**About this task**
Skip all pictures. Set down only the lines starting at the line containing "ДЕЦЕМБАРСКО КУПАЊЕ У" and running to the end of the listing.

**The data**
- - -
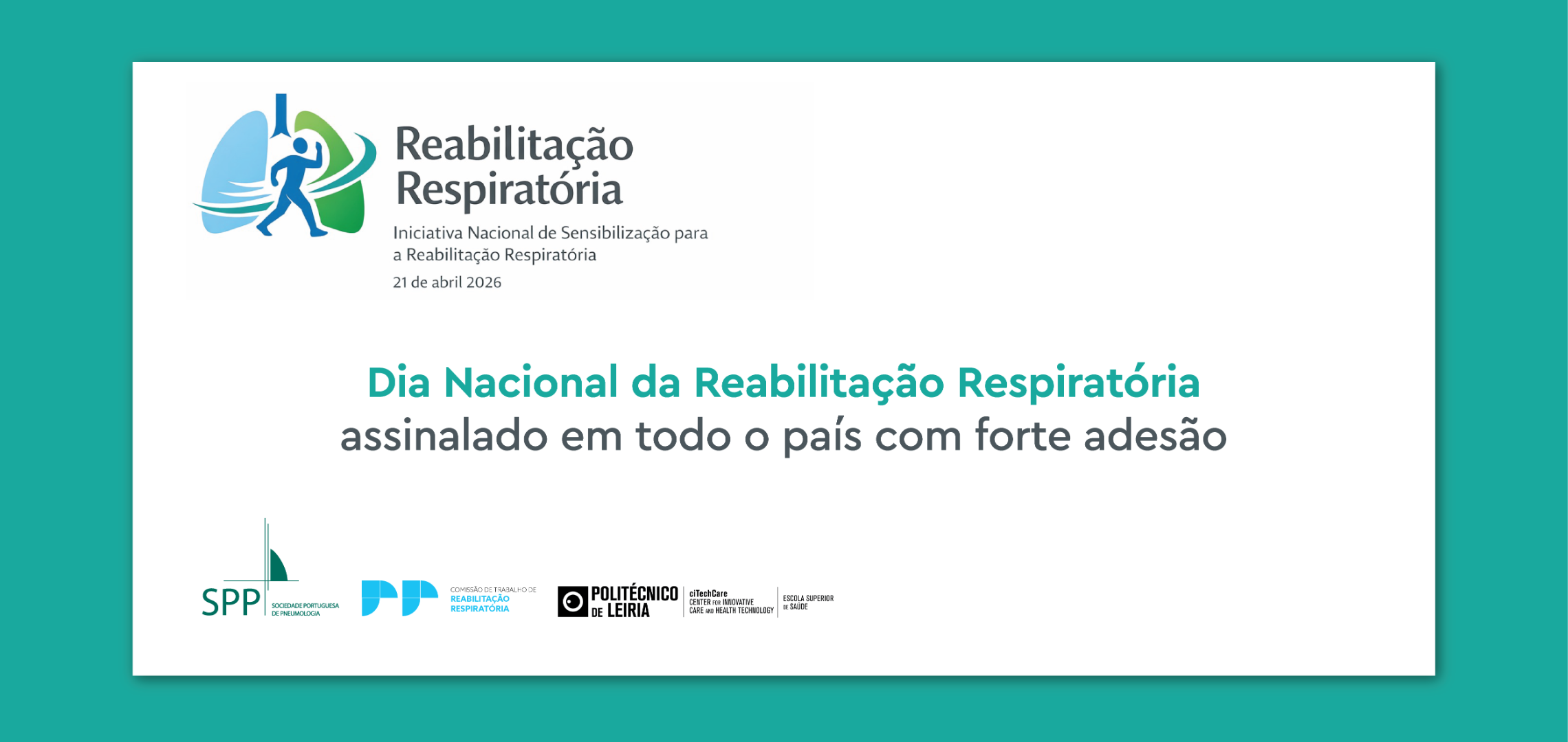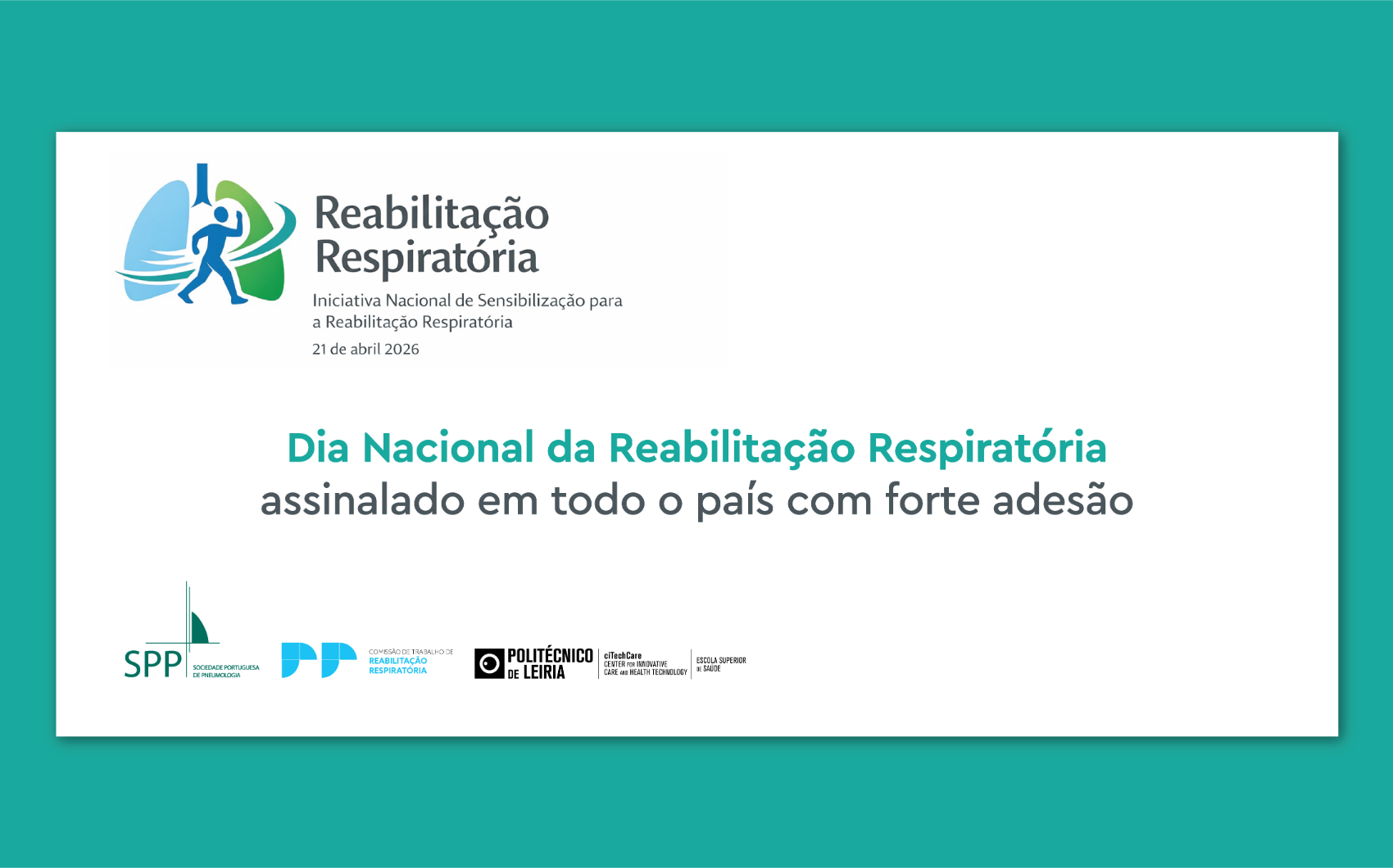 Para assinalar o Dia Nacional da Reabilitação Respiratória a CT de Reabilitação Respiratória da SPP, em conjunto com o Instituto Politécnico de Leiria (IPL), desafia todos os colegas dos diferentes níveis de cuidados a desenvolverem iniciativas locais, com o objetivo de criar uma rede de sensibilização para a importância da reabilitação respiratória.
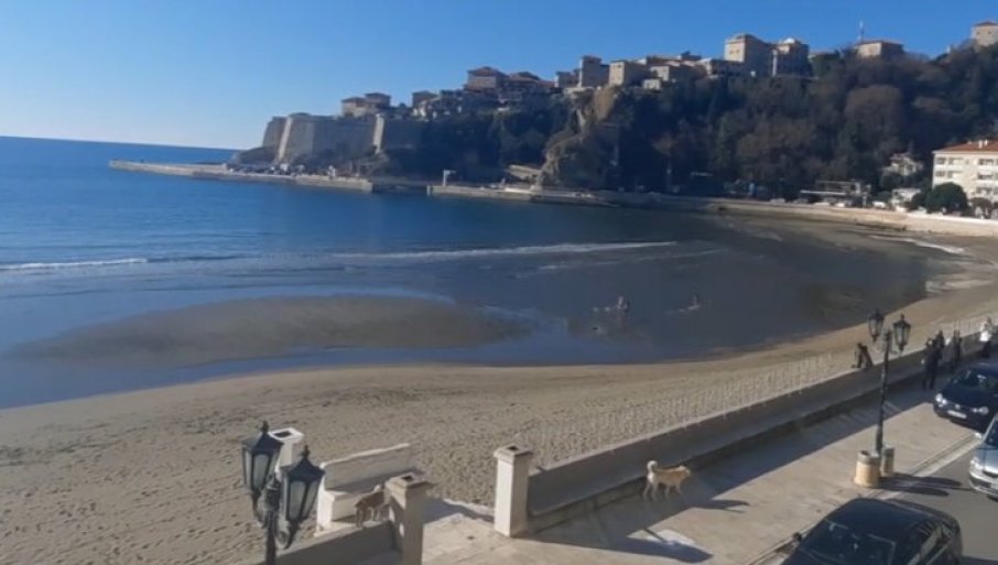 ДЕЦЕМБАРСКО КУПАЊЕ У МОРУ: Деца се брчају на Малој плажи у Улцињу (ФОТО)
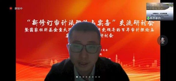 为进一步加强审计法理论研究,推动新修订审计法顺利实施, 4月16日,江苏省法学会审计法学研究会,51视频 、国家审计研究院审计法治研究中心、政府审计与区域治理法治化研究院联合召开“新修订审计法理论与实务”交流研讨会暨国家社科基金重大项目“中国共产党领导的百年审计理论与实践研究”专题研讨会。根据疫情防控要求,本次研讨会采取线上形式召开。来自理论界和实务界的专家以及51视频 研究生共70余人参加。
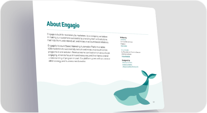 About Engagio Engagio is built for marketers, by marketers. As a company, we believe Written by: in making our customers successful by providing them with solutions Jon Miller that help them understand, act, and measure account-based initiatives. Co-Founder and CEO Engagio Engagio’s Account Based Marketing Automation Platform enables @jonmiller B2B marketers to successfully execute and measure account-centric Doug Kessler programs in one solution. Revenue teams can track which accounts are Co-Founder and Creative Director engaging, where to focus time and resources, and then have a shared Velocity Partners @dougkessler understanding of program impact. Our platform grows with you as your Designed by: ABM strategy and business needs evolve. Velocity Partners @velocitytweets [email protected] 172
- - -
**Solution for this problem**
 ДЕЦЕМБАРСКО КУПАЊЕ У МОРУ: Деца се брчају на Малој плажи у Улцињу (ФОТО)
 为进一步加强审计法理论研究,推动新修订审计法顺利实施, 4月16日,江苏省法学会审计法学研究会,51视频 、国家审计研究院审计法治研究中心、政府审计与区域治理法治化研究院联合召开“新修订审计法理论与实务”交流研讨会暨国家社科基金重大项目“中国共产党领导的百年审计理论与实践研究”专题研讨会。根据疫情防控要求,本次研讨会采取线上形式召开。来自理论界和实务界的专家以及51视频 研究生共70余人参加。
 About Engagio Engagio is built for marketers, by marketers. As a company, we believe Written by: in making our customers successful by providing them with solutions Jon Miller that help them understand, act, and measure account-based initiatives. Co-Founder and CEO Engagio Engagio’s Account Based Marketing Automation Platform enables @jonmiller B2B marketers to successfully execute and measure account-centric Doug Kessler programs in one solution. Revenue teams can track which accounts are Co-Founder and Creative Director engaging, where to focus time and resources, and then have a shared Velocity Partners @dougkessler understanding of program impact. Our platform grows with you as your Designed by: ABM strategy and business needs evolve. Velocity Partners @velocitytweets [email protected] 172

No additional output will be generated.